Chapter 26

CHAPTER TWENTY-SIX

LOU

T he next morning, Patty and I listen to music on his phone while we get ready in the honeymoon suite. When it comes time for me to put on my Winona disguise, he sits in the bathroom and watches me. And all the while, his playlist scores our every move.

“I didn’t realize you were such a blues fan,” I say. “Is this Blind Boy Fuller?”

“Mississippi John Hurt,” he says. “But I think Pistol Annies are next.”

I smile, adding contour to my jaw. “You know I love Pistol Annies?”

“Like anyone could hear Baby Llama Drama and not immediately think of Pistol Annies?”

I line my lips to make them look thinner than they are—my lips are a bit fuller than Momma’s—and then grin at his reflection. “Why are you so obsessed with me?”

He shakes his head, chuckling. “A guy analyzes your musical influences song by song for months, and suddenly he’s obsessed?”

“You can’t deny it.”

He stands from where he’s sitting on the side of the tub and takes two steps forward, planting his hands at the dip of my waist. My pulse speeds up at his touch, his nearness, the absolutely starving look on his face.

“No, I cannot.”

He kisses my neck, trails his lips across my jaw, and leaves a final kiss on my cheek, right next to my mouth. Then he squeezes my waist.

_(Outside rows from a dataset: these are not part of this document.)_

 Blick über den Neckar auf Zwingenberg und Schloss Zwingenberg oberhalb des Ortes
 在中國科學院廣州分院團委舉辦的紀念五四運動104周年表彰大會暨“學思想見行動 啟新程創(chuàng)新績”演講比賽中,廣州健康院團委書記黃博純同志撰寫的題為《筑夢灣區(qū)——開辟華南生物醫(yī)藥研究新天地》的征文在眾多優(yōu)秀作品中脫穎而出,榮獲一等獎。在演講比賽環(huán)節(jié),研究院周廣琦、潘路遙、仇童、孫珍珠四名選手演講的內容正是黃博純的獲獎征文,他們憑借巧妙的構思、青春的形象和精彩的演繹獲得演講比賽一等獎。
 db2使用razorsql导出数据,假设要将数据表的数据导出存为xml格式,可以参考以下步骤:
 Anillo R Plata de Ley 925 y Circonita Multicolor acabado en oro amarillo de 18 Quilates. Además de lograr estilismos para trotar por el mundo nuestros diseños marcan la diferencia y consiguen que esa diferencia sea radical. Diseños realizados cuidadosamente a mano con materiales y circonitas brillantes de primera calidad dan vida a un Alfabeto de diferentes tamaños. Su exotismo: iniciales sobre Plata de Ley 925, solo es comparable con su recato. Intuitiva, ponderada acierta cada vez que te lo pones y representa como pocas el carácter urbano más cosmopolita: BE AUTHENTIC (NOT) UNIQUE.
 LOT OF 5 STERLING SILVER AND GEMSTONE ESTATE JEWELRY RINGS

“But it wasn’t sudden. It was slow, methodical, and inevitable. At first, all I wanted was to hear you sing. But now, every time you open your mouth, I want mine on it.”

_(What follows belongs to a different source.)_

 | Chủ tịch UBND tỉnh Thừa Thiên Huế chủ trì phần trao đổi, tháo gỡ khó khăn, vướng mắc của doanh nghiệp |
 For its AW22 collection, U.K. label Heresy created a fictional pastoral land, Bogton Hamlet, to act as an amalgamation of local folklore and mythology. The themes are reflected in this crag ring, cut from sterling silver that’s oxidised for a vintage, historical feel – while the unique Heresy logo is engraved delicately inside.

Heat overtakes me, but I don’t let myself get swept away in the fire. I close my eyes as he kisses my neck, just below my ear.

“Put those masculine wiles away,” I say with every ounce of strength I have. “The car will be here any minute.”

He grumbles something about the car waiting. I expect him to kiss me, but he is almost obnoxiously respectful of whatever boundaries I give him. I’ll need to watch my mouth around him so I don’t unwittingly make a joke—no kissing on days that end in -y!—just to have him take me too literally.

Ugh. What a green flag.

He hooks his fingers into my belt loops, tugging me forward. I stand on my tiptoes and let my lips graze his.

He pulls me in for a kiss, but then a phone alarm goes off, and he releases me with a groan.

“You are more tempting than water in a desert.”

I smile and walk out of the bathroom, and Patty follows. I lean down to get my bag, but Patty moves my arm and takes it—ever the grumpy gentleman.

He really is all green flags.

The bus isn’t fixed yet, but the mechanic takes a break so the Country Soul Sisters—Annie and Miranda Ray—and I can do our interview. The women are huge social media influencers and early fans of my work. So early and so influential, in fact, that I did a “stitch” post early on using one of their videos. When they reposted it, it took off and finally made one of my songs go viral, after a year of my laboring in obscurity.

To say that I want to keep these women happy is putting it mildly.

Which is why it’s driving me uniquely crazy how much they’re talking about someone else in this interview.

And for the first time in my life, I wish it was Winona.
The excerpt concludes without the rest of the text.